New VMD plugins for structure validation and correction

Anyone working on molecular modeling soon realizes that atomic structures sometimes contain errors. Some of these errors can generate quite dramatic effects when the structures are simulated using molecular dynamics techniques. For example, an incorrect cis peptide bond in an alpha helix that disrupts the hydrogen bonding network can lead to the unfolding of the helix. Furthermore, MD force fields do not contain terms that prevent changes in chirality, so simulations where large forces are applied may introduce chirality errors.

To address these issues, we have recently added two new plugins to the development version of VMD: cispeptide and chirality (written by Leonardo Trabuco and Eduard Schreiner). They can be used to identify, visualize, and fix certain structure errors. The plugins can also be used to prevent such errors from occurring in certain kinds of MD simulations, as exemplified in the MDFF tutorial. We just posted a new tutorial that explains how to use these new plugins.

The cispeptide plugin identifies all cis peptide bonds in a protein structure and displays them graphically. The user can change any of the cis peptide bonds to the more common trans configuration if needed. To achieve that while still providing a physically sound structure, an actual molecular dynamics simulation is performed from within VMD by making use of an updated version of the AutoIMD plugin, which interfaces with our molecular dynamics simulation software NAMD.

The chirality plugin works in a very similar way, identifying all unusual configuration in chiral centers of proteins and nucleic acids.
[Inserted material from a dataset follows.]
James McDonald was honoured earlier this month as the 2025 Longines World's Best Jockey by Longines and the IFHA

The user can also easily display the identified errors and correct them from within VMD.

Please give these new plugins a try and let us know what you think. Enjoy!
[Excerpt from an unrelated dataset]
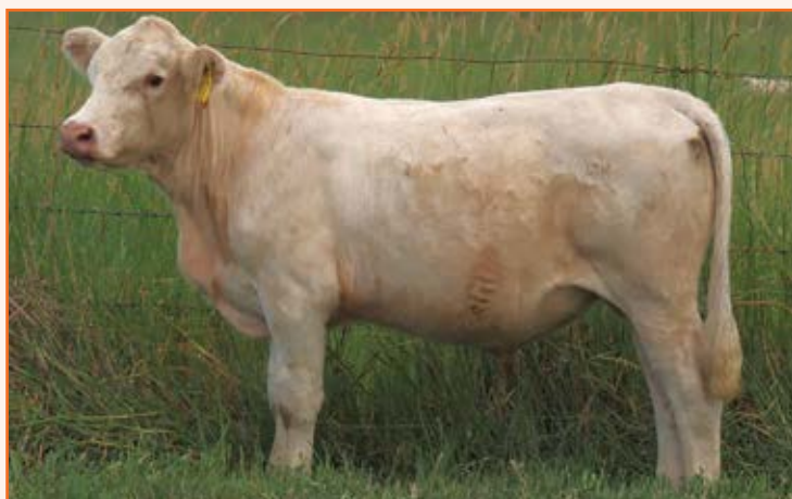
Lot 53 Weaned Calf GLE 24V807E

MDFF now available for Mac

New VMD development builds were posted today. These builds fix a known problem with Tcl linkage that previously prevented MDFF from working on the Mac.
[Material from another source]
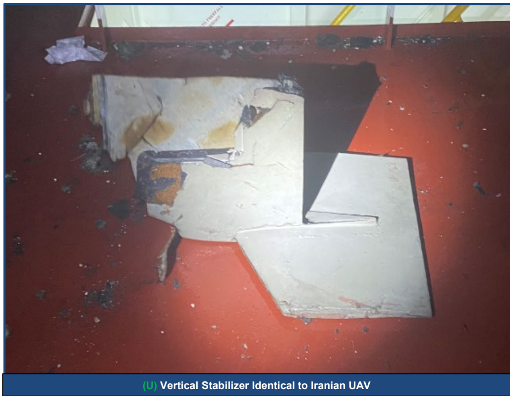
(U) Vertical Stabilizer Identical to Iranian UAV
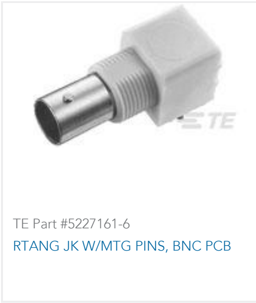
TE Part #5227161-6 RTANG JK W/MTG PINS, BNC PCB

If you are a Mac user, give this latest version a try and let us know if you find any problems.

MDFF tutorial updated

The MDFF tutorial has been updated and now includes a section on how to perform flexible fitting in explicit solvent.

Welcome to the MDFF blog!

Here you will find all the news about the Molecular Dynamics Flexible Fitting (MDFF) method, which combines high-resolution structures with low-resolution density maps. We will post updates on software development, training material, research applications, and more.